A QC representing bereaved families in the Grenfell Tower public inquiry has backed calls for a statutory duty of candour, saying she has often found inquests far more adversarial than any criminal case she has done.
Garden Court Chambers barrister Allison Munroe QC, who has also represented bereaved families in the Hillsborough inquests, was speaking at an event this week to discuss thinktank Justice’s latest report, When Things Go Wrong: the response of the justice system. The report calls for urgent reform for major inquests and inquiries, saying the current system often leaves bereaved families and survivors feeling confused, betrayed and retraumatised.
Among the report’s 54 recommendations are a statutory duty of candour, including a rebuttable requirement for position statements, which Justice says would help foster a ‘cards on the table’ approach.
Munroe said: ‘I have often found inquests, which are supposed to be inquisitorial, are far more adversarial than any criminal cases I have ever done.’
She sees a statutory duty of candour as a pre-requisite. Public bodies, she said, approach inquests and inquiries as ‘litigants who are fighting their position rather than coming to [them] to find the truth or provide information’. However, ‘families are not after retribution, they’re not after money. They want the truth, but they also want to make sure these things do not happen to other families in future and lessons are learned'.

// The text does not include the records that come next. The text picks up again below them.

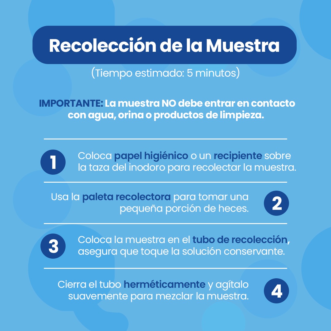 Toma tu muestra de materia fecal utilizando nuestro kit especializado para recolección
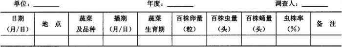 1.4.2 蔬菜生长期发生量普查 1.4.2.1 调查时间 十字花科蔬菜生长季节,小菜蛾成虫高峰期后2~5天,每10天普查1次。 1.4.2.2 调查方法 选择5个以上有代表性种植区域,每区调查2块田,采取对角线5点取样法,每田调查5点,每点5株。调查卵、幼虫、蛹、虫株率,换算百株卵、幼虫及蛹量。填入表6-65。 表6-65 大田普查小菜蛾虫量及为害情况调查表
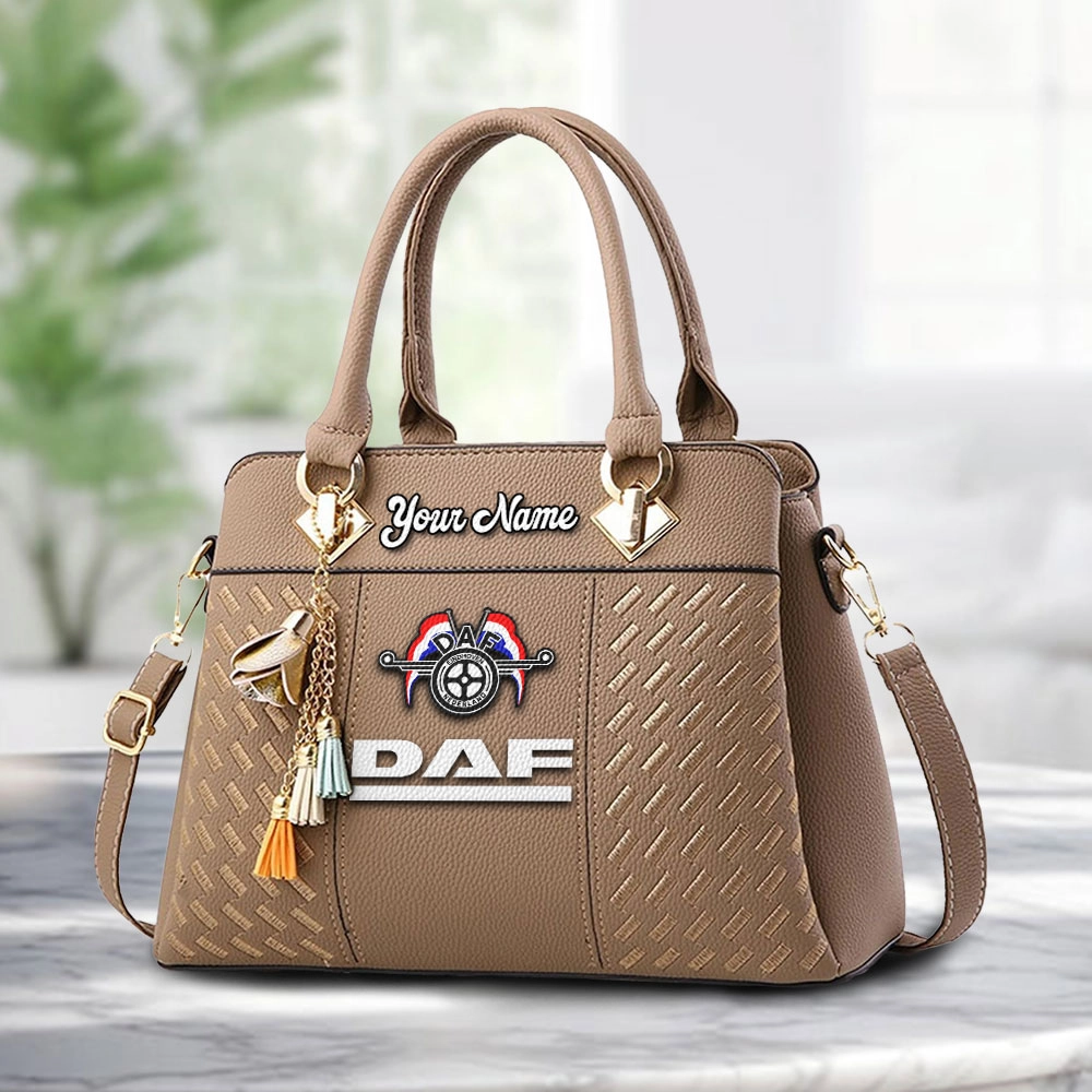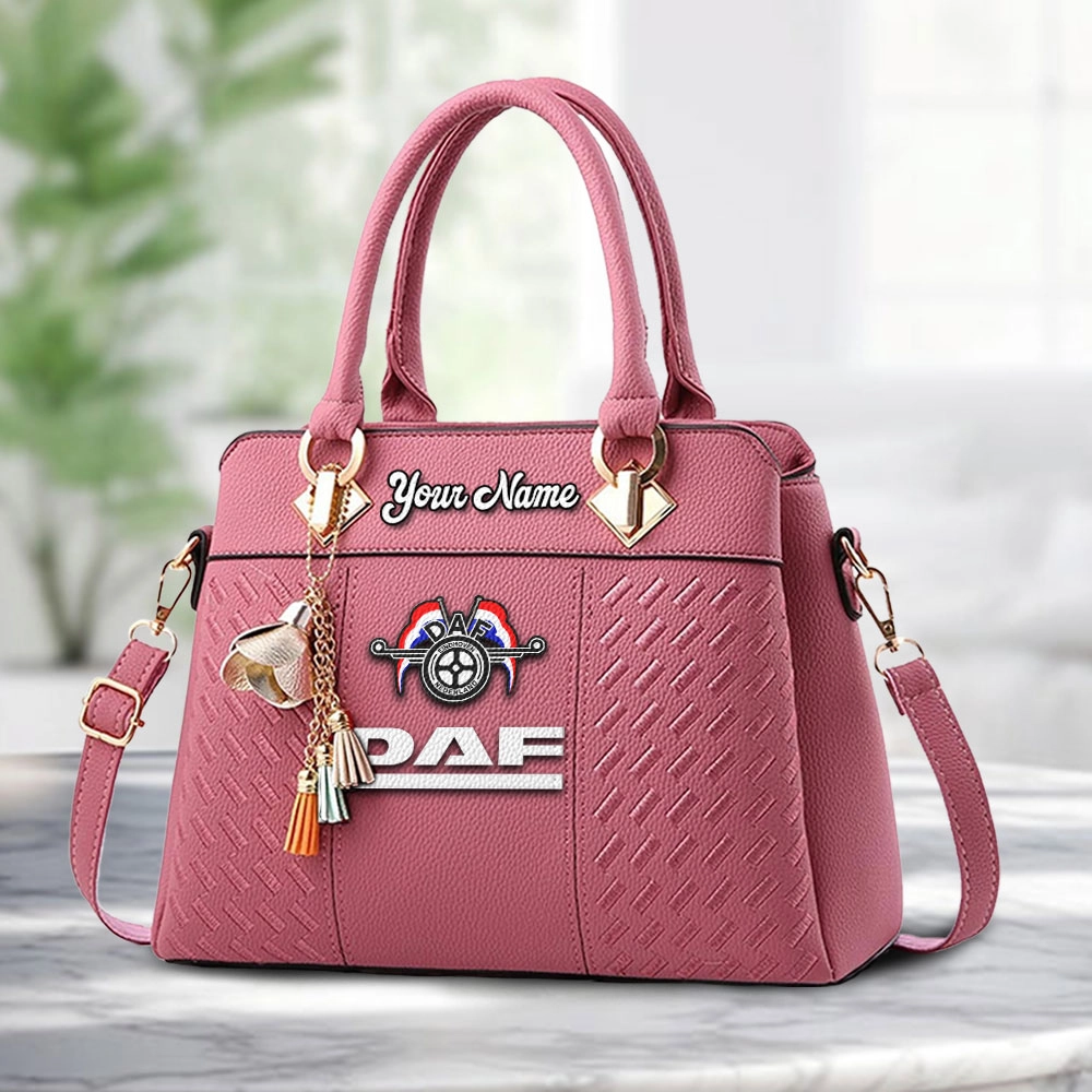 Daf Logo Personalized PU Leather Handbag Custom Name For Women
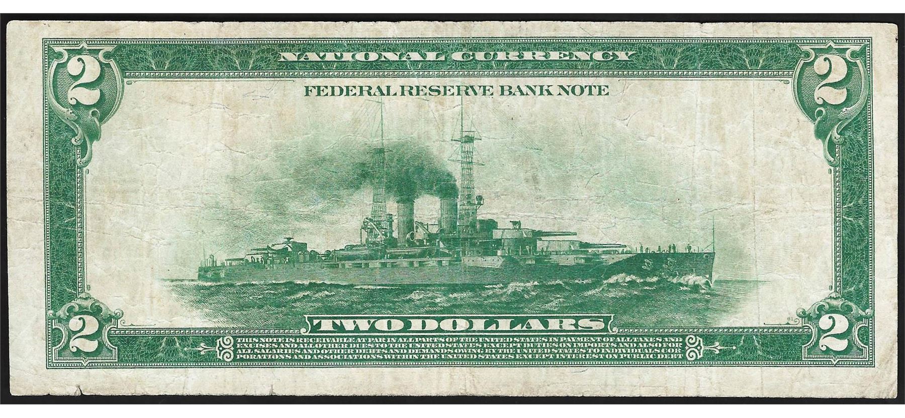 One 1918 $2 Battleship Federal Reserve Bank Note Chicago.
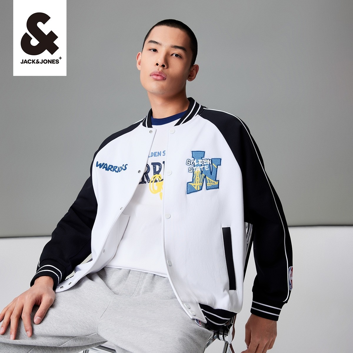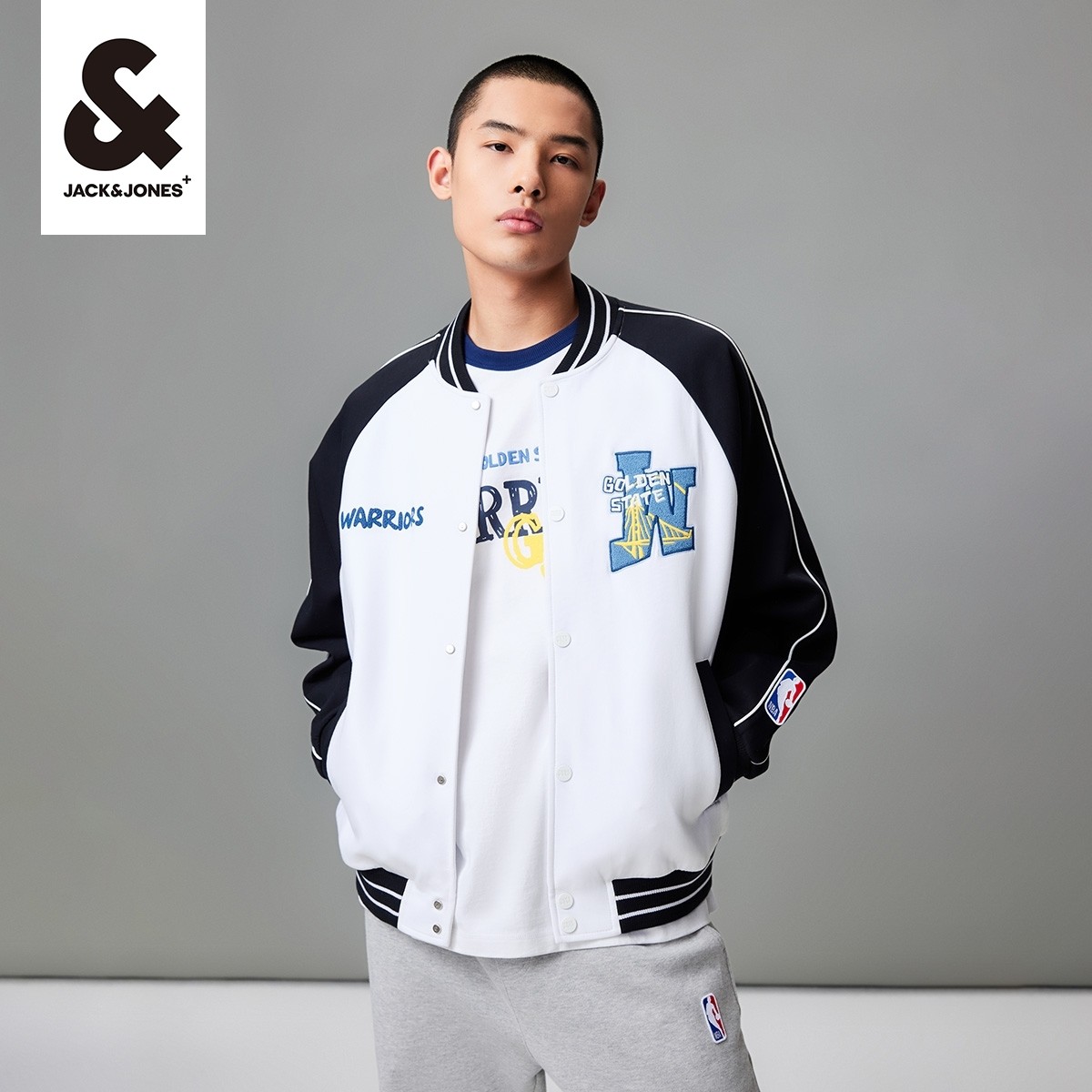 杰克琼斯男装夹克 外套春季NBA联名勇士队宽松字母刺绣上衣男款

Ken Sutton, director of the Hillsborough Independent Panel, told the event that it was essential for those working in organisations ‘to know that if something does go wrong and there is a possibility of an inquiry, then there will be a statutory requirement of candour’.
He said: ‘We should not underestimate the impact that would have upstream within those organisations. If sometimes more junior members of staff are aware their organisations will be required to be candid, some of the problems of defensiveness can be avoided before they start, not merely corrected at the point of the inquiry.’
Other recommendations in the report include a central inquiries unit to oversee and facilitate information-sharing, a full-time chief coroner, and a special procedure inquest for investigating mass fatalities as well as single deaths linked by system failure.
Justice also recommends setting up an independent body to oversee and monitor implementation of the report’s recommendations.
Sutton said the public will no longer tolerate a failure to learn lessons from past tragedies. ‘That means there has to be a body persistently tracking and prompting those lessons. You cannot rely on insiders in the system to implement the recommendations once they have been made.’